Task prompt
Could you set down exactly the lines that start at the one containing "Na Gucci reviji" and end at the final line of the material below?

Data for this exercise
++++++++++++++++++++

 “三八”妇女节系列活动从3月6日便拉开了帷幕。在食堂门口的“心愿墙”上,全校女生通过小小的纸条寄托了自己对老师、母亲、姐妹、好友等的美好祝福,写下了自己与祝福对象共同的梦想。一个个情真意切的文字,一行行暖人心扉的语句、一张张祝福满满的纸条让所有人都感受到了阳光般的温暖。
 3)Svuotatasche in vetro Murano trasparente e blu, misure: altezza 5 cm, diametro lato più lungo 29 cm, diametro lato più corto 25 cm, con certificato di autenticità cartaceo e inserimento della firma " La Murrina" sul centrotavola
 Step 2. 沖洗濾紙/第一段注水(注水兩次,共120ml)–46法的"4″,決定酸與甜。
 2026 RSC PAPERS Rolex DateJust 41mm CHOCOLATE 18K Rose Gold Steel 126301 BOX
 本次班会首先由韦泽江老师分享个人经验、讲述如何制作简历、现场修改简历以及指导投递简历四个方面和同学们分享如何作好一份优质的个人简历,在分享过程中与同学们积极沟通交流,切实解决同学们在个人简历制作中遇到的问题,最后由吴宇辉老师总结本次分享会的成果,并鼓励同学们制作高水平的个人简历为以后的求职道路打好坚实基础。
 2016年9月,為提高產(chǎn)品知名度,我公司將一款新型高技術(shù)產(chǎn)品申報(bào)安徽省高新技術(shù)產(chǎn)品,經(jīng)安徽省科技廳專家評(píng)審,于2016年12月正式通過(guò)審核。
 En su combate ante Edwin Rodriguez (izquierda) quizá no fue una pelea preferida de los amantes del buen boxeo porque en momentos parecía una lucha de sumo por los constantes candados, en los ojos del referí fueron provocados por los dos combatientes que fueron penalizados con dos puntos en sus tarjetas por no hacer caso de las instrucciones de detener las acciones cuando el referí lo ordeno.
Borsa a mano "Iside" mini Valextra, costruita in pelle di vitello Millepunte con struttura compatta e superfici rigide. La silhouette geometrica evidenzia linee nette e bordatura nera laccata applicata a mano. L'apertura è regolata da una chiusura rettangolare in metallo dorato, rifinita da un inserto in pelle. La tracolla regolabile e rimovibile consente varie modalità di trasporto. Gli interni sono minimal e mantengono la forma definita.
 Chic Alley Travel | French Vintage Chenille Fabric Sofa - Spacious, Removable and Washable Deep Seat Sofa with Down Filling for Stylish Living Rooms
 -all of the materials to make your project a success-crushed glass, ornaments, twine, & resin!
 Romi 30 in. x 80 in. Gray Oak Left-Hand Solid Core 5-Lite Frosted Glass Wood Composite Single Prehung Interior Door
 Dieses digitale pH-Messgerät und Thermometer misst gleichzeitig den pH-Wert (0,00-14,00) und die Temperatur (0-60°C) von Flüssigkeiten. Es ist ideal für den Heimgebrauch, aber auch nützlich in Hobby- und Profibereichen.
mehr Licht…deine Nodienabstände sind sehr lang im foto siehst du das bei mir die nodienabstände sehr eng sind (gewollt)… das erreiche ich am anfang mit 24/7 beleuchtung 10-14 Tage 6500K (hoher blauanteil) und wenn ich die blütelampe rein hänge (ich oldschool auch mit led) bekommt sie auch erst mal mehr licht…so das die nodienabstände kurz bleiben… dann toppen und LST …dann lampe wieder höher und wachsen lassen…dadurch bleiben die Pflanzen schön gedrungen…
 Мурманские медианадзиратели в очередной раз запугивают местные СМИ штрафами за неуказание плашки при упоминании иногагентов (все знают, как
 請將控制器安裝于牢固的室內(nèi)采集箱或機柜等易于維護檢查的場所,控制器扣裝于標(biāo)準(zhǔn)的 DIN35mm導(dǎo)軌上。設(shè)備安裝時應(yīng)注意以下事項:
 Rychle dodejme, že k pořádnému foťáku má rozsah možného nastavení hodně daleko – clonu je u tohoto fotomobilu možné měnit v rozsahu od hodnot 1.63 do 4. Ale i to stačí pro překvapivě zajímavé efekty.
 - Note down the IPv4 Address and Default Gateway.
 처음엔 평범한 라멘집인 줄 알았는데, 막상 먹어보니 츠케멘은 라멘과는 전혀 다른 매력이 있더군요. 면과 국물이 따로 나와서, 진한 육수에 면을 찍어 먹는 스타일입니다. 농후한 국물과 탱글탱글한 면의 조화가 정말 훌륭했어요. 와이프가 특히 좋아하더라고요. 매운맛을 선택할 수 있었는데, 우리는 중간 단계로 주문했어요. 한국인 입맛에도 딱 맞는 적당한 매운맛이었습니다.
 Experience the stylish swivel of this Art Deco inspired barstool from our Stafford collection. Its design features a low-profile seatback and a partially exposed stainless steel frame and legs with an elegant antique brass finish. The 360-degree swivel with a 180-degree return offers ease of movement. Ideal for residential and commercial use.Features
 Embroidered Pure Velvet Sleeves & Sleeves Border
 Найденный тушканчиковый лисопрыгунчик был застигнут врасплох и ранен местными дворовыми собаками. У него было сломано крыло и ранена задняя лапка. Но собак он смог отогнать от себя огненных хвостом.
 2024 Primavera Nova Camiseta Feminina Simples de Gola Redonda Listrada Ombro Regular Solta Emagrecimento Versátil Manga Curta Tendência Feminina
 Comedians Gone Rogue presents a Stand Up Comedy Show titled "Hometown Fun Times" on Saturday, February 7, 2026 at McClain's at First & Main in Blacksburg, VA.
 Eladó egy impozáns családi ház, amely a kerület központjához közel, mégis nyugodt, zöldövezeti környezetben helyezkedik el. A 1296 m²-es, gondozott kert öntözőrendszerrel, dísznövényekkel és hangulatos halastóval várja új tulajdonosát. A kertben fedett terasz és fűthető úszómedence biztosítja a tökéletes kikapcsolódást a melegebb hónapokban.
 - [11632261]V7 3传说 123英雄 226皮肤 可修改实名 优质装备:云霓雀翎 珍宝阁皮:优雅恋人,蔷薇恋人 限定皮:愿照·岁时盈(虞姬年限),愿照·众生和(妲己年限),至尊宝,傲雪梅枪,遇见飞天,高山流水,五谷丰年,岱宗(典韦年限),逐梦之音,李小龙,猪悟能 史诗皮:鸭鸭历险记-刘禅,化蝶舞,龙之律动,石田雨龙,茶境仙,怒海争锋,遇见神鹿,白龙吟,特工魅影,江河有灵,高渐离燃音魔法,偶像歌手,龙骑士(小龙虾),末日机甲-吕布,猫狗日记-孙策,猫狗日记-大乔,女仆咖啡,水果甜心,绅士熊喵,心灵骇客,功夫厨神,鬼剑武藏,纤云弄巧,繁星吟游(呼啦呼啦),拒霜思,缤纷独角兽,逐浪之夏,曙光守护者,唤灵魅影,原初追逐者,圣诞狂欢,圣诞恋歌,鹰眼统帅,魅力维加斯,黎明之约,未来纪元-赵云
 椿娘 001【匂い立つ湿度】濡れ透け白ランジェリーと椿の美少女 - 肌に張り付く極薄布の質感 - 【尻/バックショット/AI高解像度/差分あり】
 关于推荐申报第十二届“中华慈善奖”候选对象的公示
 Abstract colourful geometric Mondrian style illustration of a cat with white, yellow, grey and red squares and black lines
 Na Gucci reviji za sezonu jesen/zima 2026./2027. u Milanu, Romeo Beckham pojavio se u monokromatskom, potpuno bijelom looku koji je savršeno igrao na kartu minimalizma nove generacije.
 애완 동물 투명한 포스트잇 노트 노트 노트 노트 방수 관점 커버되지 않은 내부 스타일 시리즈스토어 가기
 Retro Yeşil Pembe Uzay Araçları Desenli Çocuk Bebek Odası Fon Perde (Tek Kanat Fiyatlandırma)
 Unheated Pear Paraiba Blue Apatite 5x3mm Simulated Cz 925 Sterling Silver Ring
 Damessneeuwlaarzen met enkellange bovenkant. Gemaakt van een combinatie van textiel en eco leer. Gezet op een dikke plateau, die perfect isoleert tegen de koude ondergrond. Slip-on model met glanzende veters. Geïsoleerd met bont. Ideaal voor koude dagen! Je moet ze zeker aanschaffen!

++++++++++++++++++++

Answer section
 Na Gucci reviji za sezonu jesen/zima 2026./2027. u Milanu, Romeo Beckham pojavio se u monokromatskom, potpuno bijelom looku koji je savršeno igrao na kartu minimalizma nove generacije.
 애완 동물 투명한 포스트잇 노트 노트 노트 노트 방수 관점 커버되지 않은 내부 스타일 시리즈스토어 가기
 Retro Yeşil Pembe Uzay Araçları Desenli Çocuk Bebek Odası Fon Perde (Tek Kanat Fiyatlandırma)
 Unheated Pear Paraiba Blue Apatite 5x3mm Simulated Cz 925 Sterling Silver Ring
 Damessneeuwlaarzen met enkellange bovenkant. Gemaakt van een combinatie van textiel en eco leer. Gezet op een dikke plateau, die perfect isoleert tegen de koude ondergrond. Slip-on model met glanzende veters. Geïsoleerd met bont. Ideaal voor koude dagen! Je moet ze zeker aanschaffen!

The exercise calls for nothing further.